"Don't cut on the diagonal!" the nail lady reprimanded me of my toes. "See!" she pointed at the third toe on my right foot. "Who cut that!?"
"I don't..." I started, but decided not to even try.
"You cut on diagonal, they cut in you!" she told me.
I nodded, because I understand the whole ingrown-toenail potential with diagonally-cut nails.
But even though it has been two decades since I performed, I have dancer's feet, and my toenails do grow diagonally. I laugh and call my wide feet "hobbit feet" but of course they had to squish into pointe shoes back in the day.

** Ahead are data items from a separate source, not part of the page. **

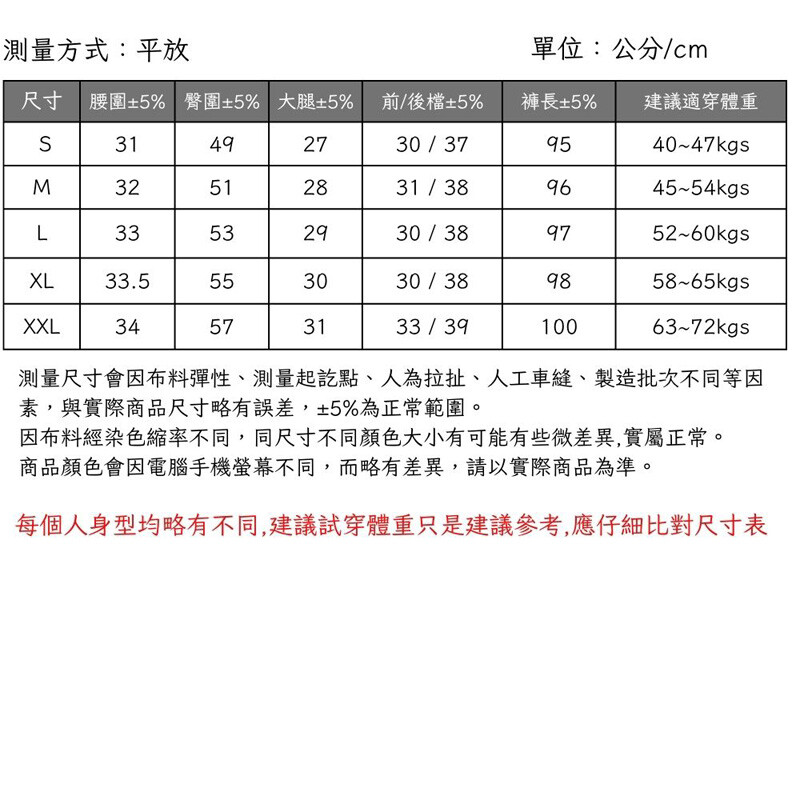 3. 測量尺寸會因布料彈性、測量起訖點、人為拉扯等因素,與實際商品尺寸略有誤差,正負5%為正常範圍。
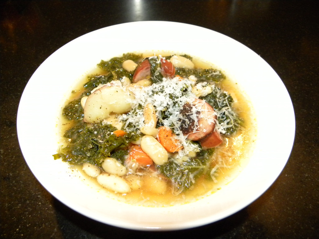 Stir carrots into soup and simmer five minutes. Stir in kale, sausage and remaining quart of water and simmer, uncovered, stirring occasionally, until kale is tender, 12-15 minutes.
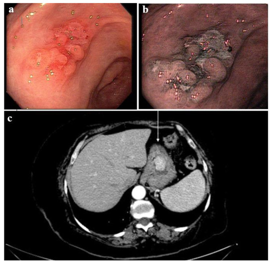 The complete diagnostic investigation of a patient with MiNEN involves performing an upper gastrointestinal endoscopy and a contrast-enhanced CT scan [19]. In CT analysis, the neuroendocrine carcinoma images tend to appear as isodense lesions at the pre-contrast phase, with marked enhancement after the administration of intravenous contrast in the arterial phase, as demonstrated in Figure 2 in this study [23,24,25]. With regard to the endoscopic aspect, MiNENs often present with typical appearances: in white-imaging endoscopy, it is usually possible to see the mucosal hyperemia in the lesion area, commonly associated with a central depression; when using endoscopic magnification, a central discoloration linked to visible subepithelial capillaries is typically noted, making a corkscrew pattern [26]. Therefore, NECs are usually seen on endoscopy imaging as a solitary lesion, generally with at least 2 cm in its greater diameter, and most commonly located in the gastric body or fundus [27].
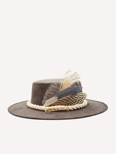A profound desire for union and intimacy, a symbol that calls for you to wake your vitality, wisdom, and passion for life. 100% handmade white suede fedora. With cotton rope band, embroidery, white peacock, ostrich, goose, and silver pheasant's feathers, and a golden safety pin.
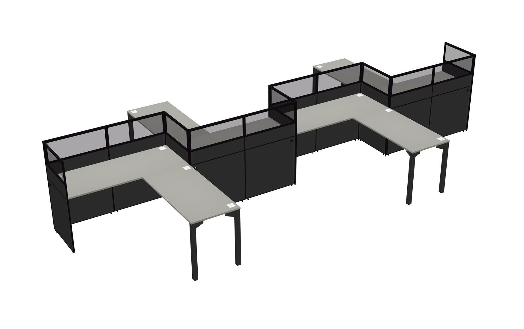 Grey Shadows L-shape Cubicle Workstations For 4 - Zigzag Formation + Panel Return
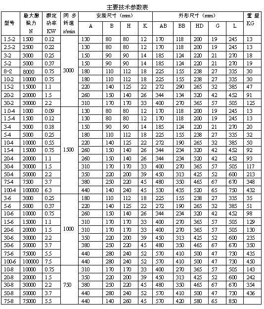 ZYU振動電機數據圖:
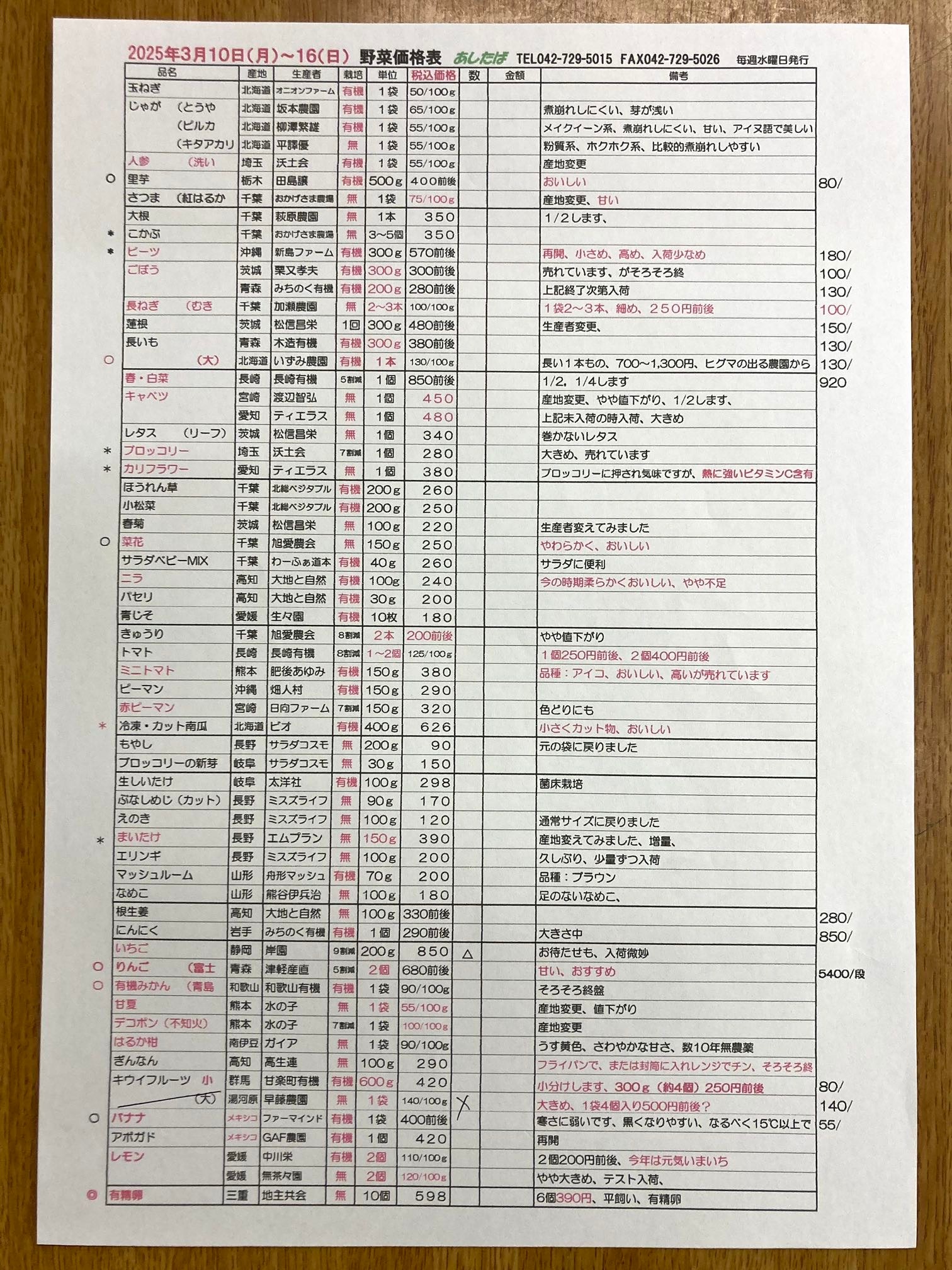 3/10(月)〜3/16(日)野菜入荷予定表です。
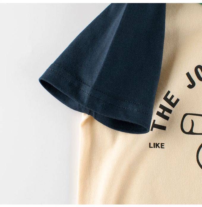 純棉短袖上衣-棒球狗狗-米杏+深藍

I've told the Reebok story a hundred times, haven't I? The "popular" sleek Reeboks were two narrow for my wide feet. I had real Reeboks, but they were made for wide feet, so appeared like those shoes that nurses wear when they'll be on the floor all night long. People didn't believe me that they were real. (Thank goodness my Guess jeans were authentic and people believed it, although I had a red and white Benetton striped shirt, not the blue and white one most people had.)

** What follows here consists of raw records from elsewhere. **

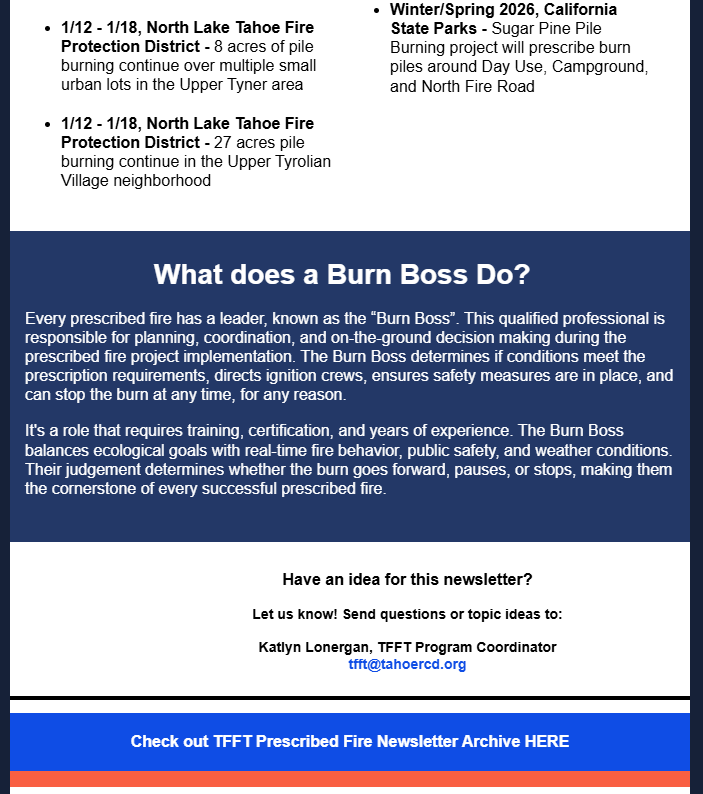 Learn about upcoming prescribed fire projects from the Tahoe Fire & Fuels Team Prescribed Fire Newsletter:
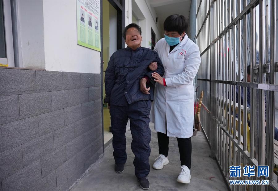 11月3日,在陕西省延安市黄陵县残疾人托养康复中心,医护人员扶着一名残疾人出门散步。 新华社记者 才扬 摄
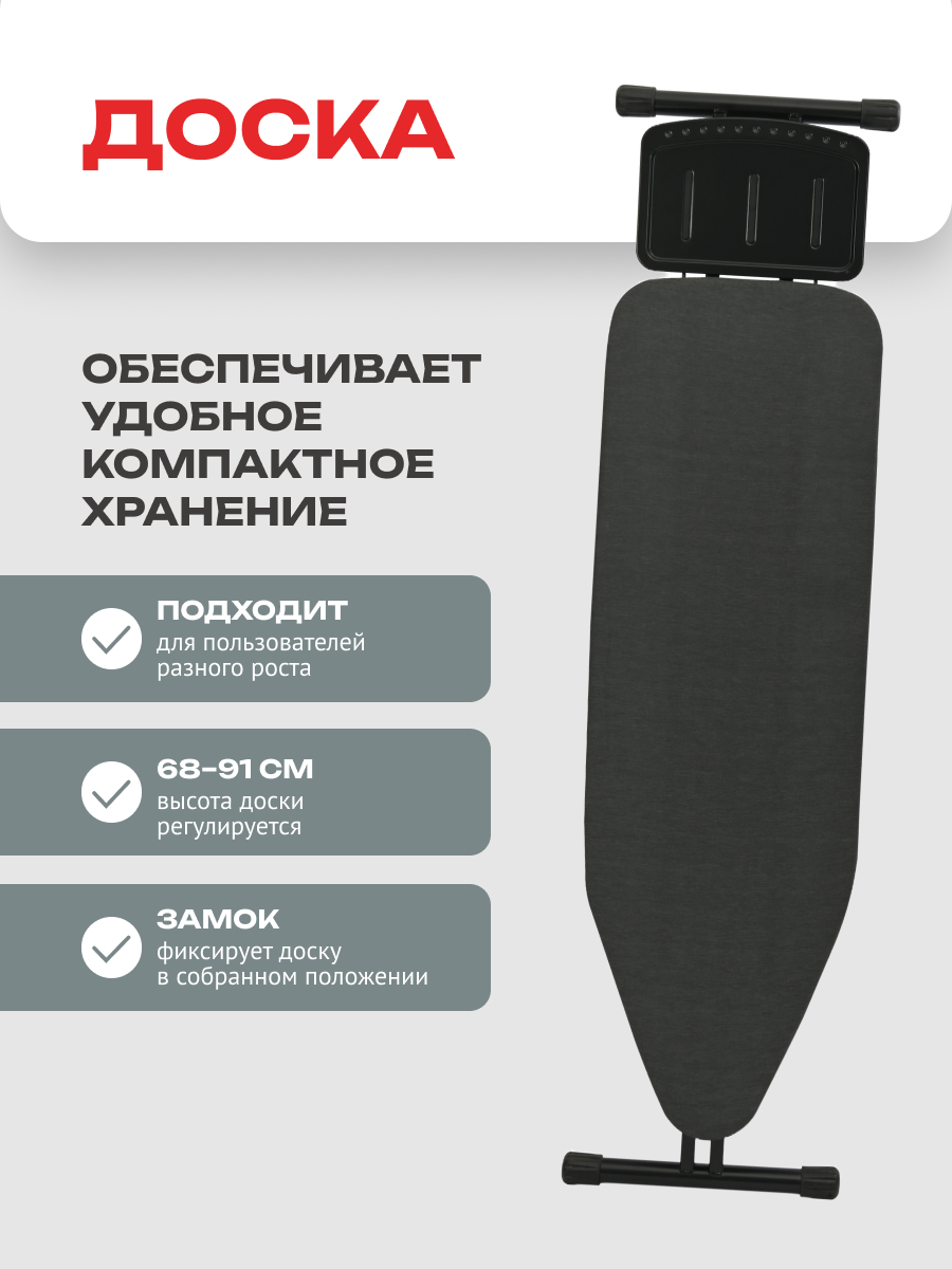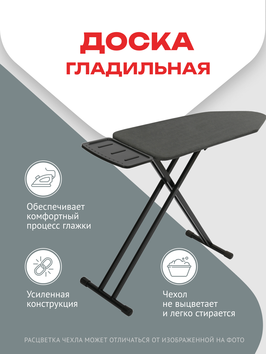 Гладильная доска 122х38 см, сетка, металл, цвет антрацит, черный интересное:

I had a similar situation with pointe shoes. Getting pointe shoes is a huge milestone in a dancer's life. I dreamt of going en pointe since I was small, and I was thrilled when a classmate brought some toe shoes to school one day. We tried them on at recess. I seem to remember once locking myself in a dressing room to try on an older dancer's shoes once, too.
As troupe-mates went en pointe, I'd ask my teacher if I was yet ready. She'd look at my feet - and my toes wouldn't yet line up the way they'd like. "Soon, soon" she'd tell me.
And then finally, she told me to go ahead.
But the dance shop had a heck of a time trying to fit my feet. After trying on a variety of toe shoes: pale pink, candy pink, nearly white, I got some wide peach ones that smelled beautiful. (Yes, shoes I actually loved to smell!)
Those shoes meant so much to me. It was magical to dance on them. Sure, it was initially a challenge, but I was up to it.
Years later, I found the shoes, and of course couldn't get up all the way on my toes. I remembered how there was an adult in my "beginning pointe" class and laughed, because that's something I might consider doing if I didn't remember that adult was so not cool for trying to dance with us!
But it doesn't matter that I can't dance on my toes anymore; I've still got the moves in other ways, and I've got my snazzy diagonal nails as evidence of my earlier hobby.